- 1686 edition
- Original language: English
- Written by: John Dryden
- Genre: Tragedy
- Setting: Roman Empire, 4th Century

Premiere
- Date: 24 June 1669
- Place: Theatre Royal, Drury Lane, London

= Tyrannick Love =

Restoration heroic tragedy by John Dryden

Tyrannick Love, or The Royal Martyr is a tragedy by John Dryden in rhymed couplets, first acted in June 1669, and published in 1670. It is a retelling of the story of Saint Catherine of Alexandria and her martyrdom by the Roman Emperor Maximinus, the "tyrant" of the title, who is enraged at Catherine's refusal to submit to his violent sexual passion.

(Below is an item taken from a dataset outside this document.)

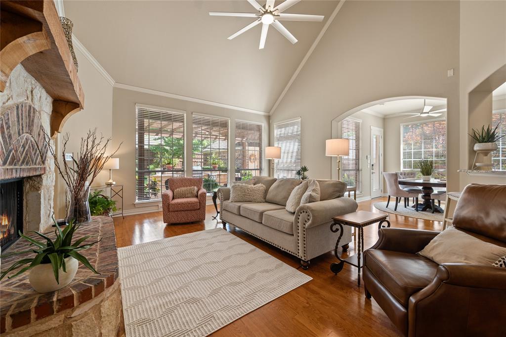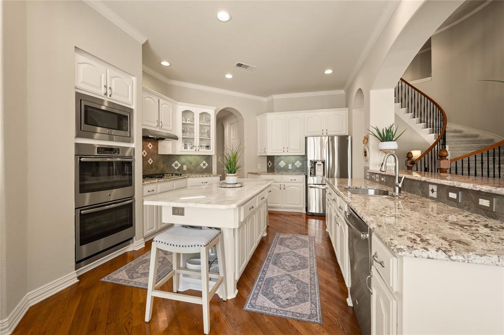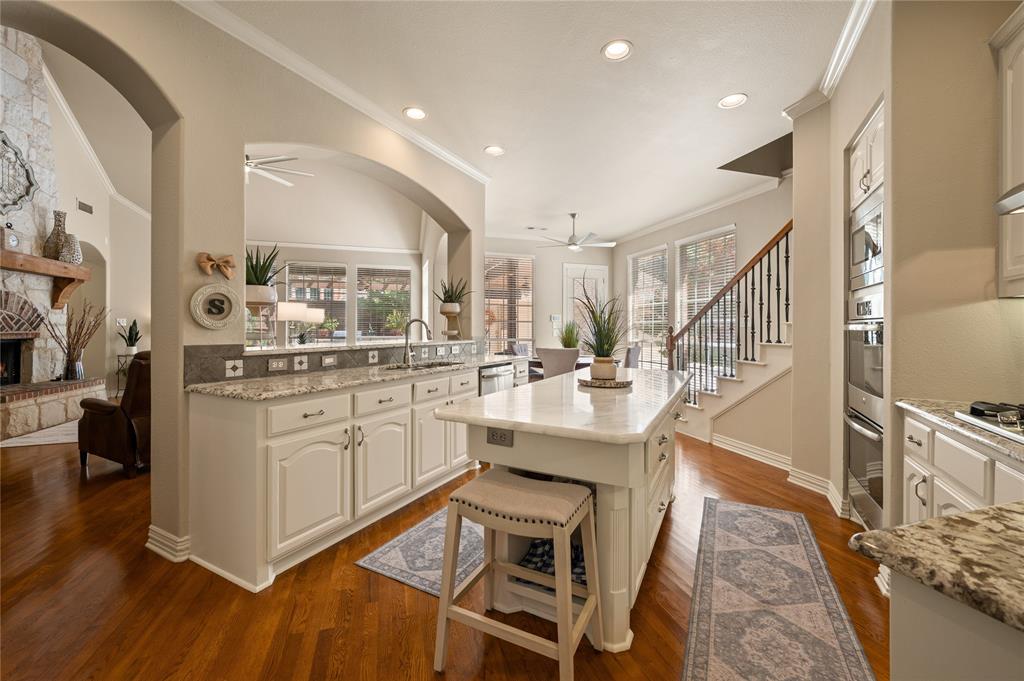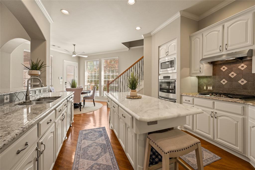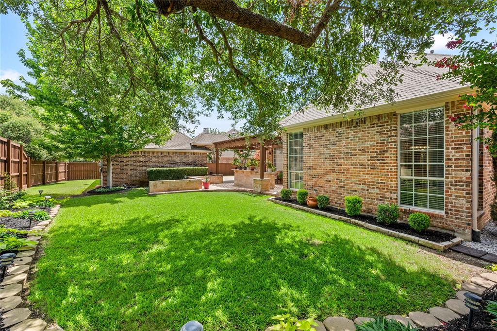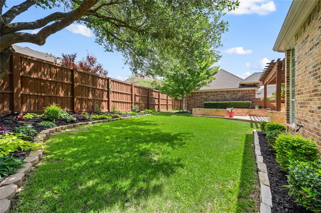 Step outside to enjoy Texas living at its finest—an extended pergola-covered patio with a full outdoor kitchen, plus a covered lounging area and a beautifully manicured yard designed for both entertaining and everyday enjoyment.
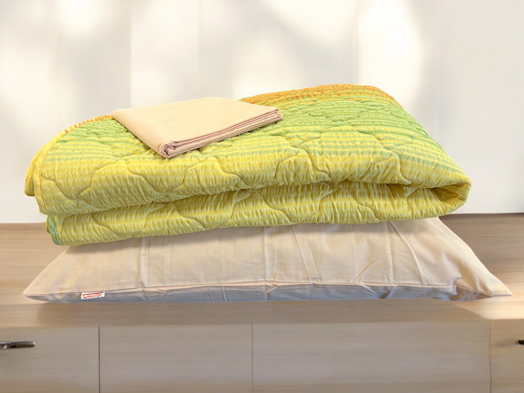 Set prekrivač,čaršav i jastučnica sačinjen je od laganog mikrofiber materijala,sa silikoskim punnjenjem u gramaži od 150g po m2.

Dryden reportedly wrote the play in only seven weeks.
==Performance by Nell Gwyn==
Nell Gwyn played the tyrant's daughter Valeria, and spoke "what must be the most amusing epilogue ever written" (in the words of Maximillian E. Novak, Dryden's modern editor). However, at that time "amusing" meant "thoughtful or thought-provoking" and was therefore very complimentary to both the play and the execution. The modern interpretation of "amusing" undermines the actual reality. When two stagehands came onstage to carry off Valeria's corpse at the play's end, Gwyn jumped up and assumed her genuine identity, though still in costume, to deliver the epilogue.
==The rest of the original cast==
In addition to Gwyn, the original 1669 production by the King's Company featured Margaret Hughes as St. Catherine, Michael Mohun as Maximus, Charles Hart as Porphyrius, Rebecca Marshall as Berenice, William Cartwright as Apollonius, Edward Lydall as Valerius, William Beeston as Nigrinus, Richard Bell as Amariel, Elizabeth James as Damilcar and Edward Kynaston as Placidius. Mary Knep doubled the roles of Nakar and Felicia.
==Dedication and reception==
The play was dedicated to the Duke of Monmouth. The play was a major success, and was acted for 14 days straight. The work was revived in 1677, 1686, 1694, and 1702.